Description / Abstract:

INTRODUCTION

This Item is intended to provide introductory and background information to a series of Items that consider some aspects of damping in more detail. For example, ESDU 07011 (Reference 43) is concerned with radiation damping and ESDU 09006 (Reference 44) presents a description of material damping. Future Items will deal with the damping of composites and the provision of a compendium of damping for built-up structures. In this Item concepts related to different measures applied to damping in materials, as well as to damping in mechanical systems, are introduced. Every structure in vibration can be approximated by a dynamically equivalent mechanical system with a finite number of degrees of freedom. The degrees of freedom refer to the number of independent coordinates necessary to describe the motion of the system. In particular situations a single degree of freedom system can be an adequate model for the real structure. Although the majority of structures cannot be treated as SDOF systems, the measures specifying damping can be defined using a SDOF model without compromising the generality of the definitions.

Damping in structures may be categorised as either intrinsic, i.e., within the material of the structure, or as the damping which depends upon other dissipative factors, such as friction in rivets or bolts, or from lubrication (Reference 22). Damping also occurs in a structure which is radiating sound, as vibrational energy is lost in the surrounding medium rather than by dissipation in the structure. Material and radiation damping can be estimated theoretically more easily than other types of damping; in the case of material damping prediction is based on the material properties and for radiation damping from the geometrical and material properties of the structure. When the damping of a structure is measured in most practical tests, it is the damping of all kinds which is determined, including the material damping and, provided there is a surrounding fluid medium, radiation damping.

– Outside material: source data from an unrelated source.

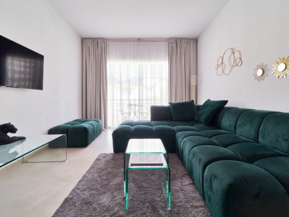 The apartment has a modern, fully equipped kitchen, a large master bedroom with en-suite bathroom, and a second bathroom with a jacuzzi and shower. The interior has been renovated in a modern style with high-quality materials.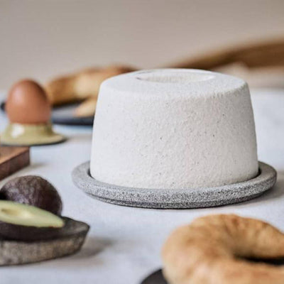 Mit dem Denk Keramik Butterkühler bleibt deine Butter frisch, aromatisch und jederzeit streichzart, ganz ohne Kühlschrank. Der zweiteilige Butterkühler kombiniert eine wasseraktive Haube aus patentierter Porosium Keramik mit einem stabilen Unterteller aus Granicium Keramik. Gemeinsam nutzen sie das natürliche Prinzip der Verdunstungskälte und schaffen ideale Lagerbedingungen direkt auf deinem Tisch.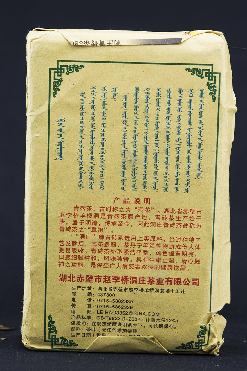 Kékeszöld tea, eredeti nevén  „Dong Tea” Yangloudong, Zhaoliqiao, Chibi város határából Hubei tartományból. A zöld teatéglát még a Tang dinasztiában kezdték gyártani, erről szól Lu Yu teáskönye. A „Dongzhuang” magas minőségű tea alapanyagot használ a préselt teák előállításához. A fermentáció, többszörös gőzölés szárítás olyan terméket hoz létre, aminek jótékony összetevőit könnyebben fel tudja venni a szervezet.
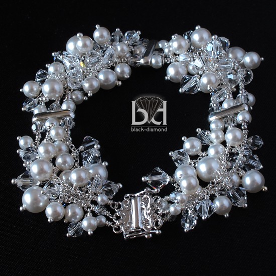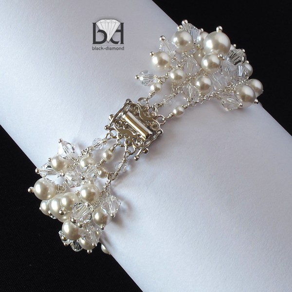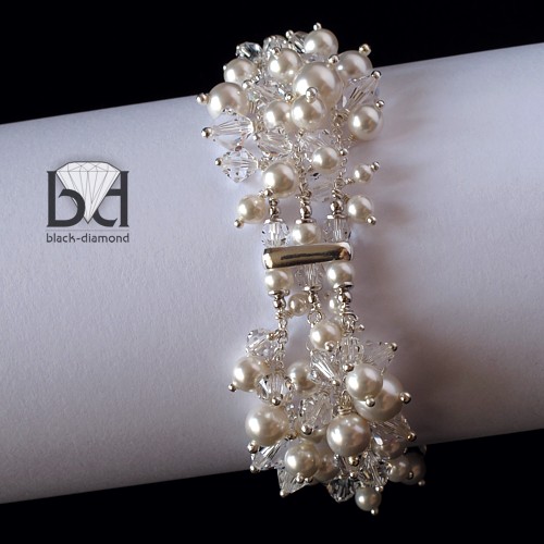 Pojedynczy egzemplarz bez możliwości powtórzenia. Bogata i efektowna bransoletka wykonana z mnóstwa perełek i kryształków Swarovski oraz srebra pr 925 oraz 999. Największe perełki mają 7 mm. Każda perełka i kryształek są solidnie i estetycznie zamocowane. Ozdobne zapięcie- wsuwane i domykane po bokach. Bransoletka będzie idealna na nadgarstek o dokładnym obwodzie 16-16,5 cm. Szerokość zapięcia to ok 1,4 cm. Szerokość bransoletki na ręce w najszerszych miejscach - ok 2,6 cm. Na życzenie mogę skrócić bransoletkę, by była odpowiednia na inny rozmiar klientki. Perełki mają odcień jasnej śmietanki/złamanej bieli. W mojej ofercie znajdują się kolczyki do kompletu, mogę pomóc wybrać właściwy wzór lub wykonać coś zupełnie nowego. Biżuterię otrzymasz wraz z pudełeczkiem jubilerskim - może stanowić gotowy pomysł na prezent.

The measures of damping which are most often used in dynamic analysis are: the viscous damping ratio (ζ), the specific damping capacity (ψ), the loss factor (η), the inverse quality factor (Q–1), the logarithmic decrement (δ) and, in the case of material damping, the tangent of the phase lag (ϕ). and the ratio of the loss modulus to the Young's modulus. Definitions of the measures are introduced in the Item using examples of linear mechanical models, such as Kelvin-Voigt (with viscous damper) and hysteretic damping model (with hysteretic damper), especially applicable to material damping. In ESDU Items information on damping is mostly provided in terms of the viscous damping ratio. For example, in Data Item No. 72005, ‘The estimation of r.m.s. stress in stiffened skin panels subjected to random acoustic loading' (Reference 20), nomographs are used which are based on a viscous damping ratio of 0.017, a value regarded as typical for aerospace structures, and, if a different value is used, a correction factor is applied. The relationships between the different measures of damping are summarised in the Appendix A.